Little Lost Soul Without a Desk

October 28, 2009

I have been temporarily moved to an office since returning to work, but the move has been interrupted several times by requests to vacate the temporary space for painting and installation of a new carpet.  I get it.  It’s not my office.  It’s just such a hassle to keep moving all my things all the time.  Plus, I have a nanny at home watching the kids and I invariably forget to tell her which number to use in case of an emergency because I don’t always know where I’ll be during the day.  She can call me on my cell phone as long as I’m not in some inner sanctum of the building.

Yesterday, I was told that I would have to move out of the current office, but there is no consensus yet on where I am to go.  Not that I had really moved in, but – yeah – I did set up the laptop and bring some papers I need to read in. 

So, I was a bit annoyed at the news.  (Yes, there are more important things in the world, I know.  Still, I would just like to know where I’m going to hang my hat if I’m going to be here for awhile (which is also still questionable)).  The AO referred to me as the “Little Lost Soul Without a Desk.” 

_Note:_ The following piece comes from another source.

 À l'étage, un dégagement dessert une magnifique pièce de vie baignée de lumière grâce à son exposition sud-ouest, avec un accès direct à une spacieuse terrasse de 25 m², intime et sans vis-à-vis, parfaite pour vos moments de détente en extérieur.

The office she keeps trying to put me in is waaaay down several dark hallways, fairly far away from the rest of my team.  In addition, I’d share it with a man who seems nice, but our exchanges have been slightly awkward.  Plus, he had taken over the whole office during his time alone there (which I can understand).  I can’t quite figure out if the AO wants to stick me there because it’s the only room she has readily available or if she wants me there because she doesn’t like me.

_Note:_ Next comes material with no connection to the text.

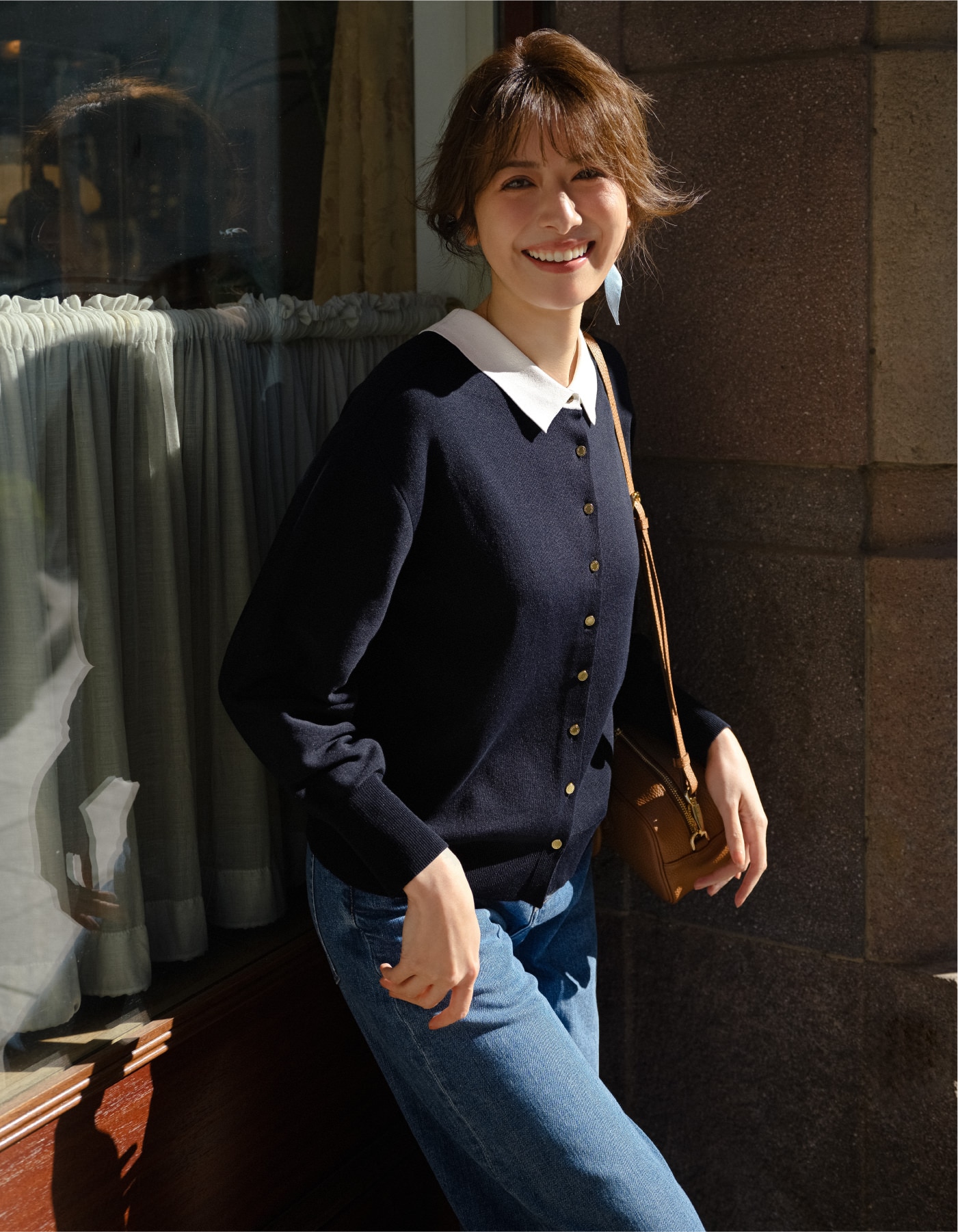 ボタンの開けを調整すれば、羽織りっぽくも見せれる。

Anyway, I arrived late to work today because I had to volunteer at my daughter’s preschool as a teacher.  I packed a lunch at home to save money and also to reassure the girls that I’d be home soon, just after nap time.  When I opened my lunch bag, out flew a fruit fly, which I am pretty sure I picked up at home since I noticed some of them flying around our compost bin recently.

‘Uh-oh,’ I thought.  ‘I’ve brought this little bugger in with me.  There’s going to be an infestation in this office.’

Then, I paused and thought, ‘Huh.  Well, I guess that’s one way to express my unhappiness with the situation.  I kind of feel bad for the person who will be taking this office on the one hand, but on the other, I don’t.’

Small and petty of me, I know.  But, really, it’s only one fruit fly.  And, they can’t reproduce without another one around, can they?  Besides, the damn thing is flying around my head and bothering me at the moment.  So, maybe it’s just one more instance of “life passing by,” as my mother always says.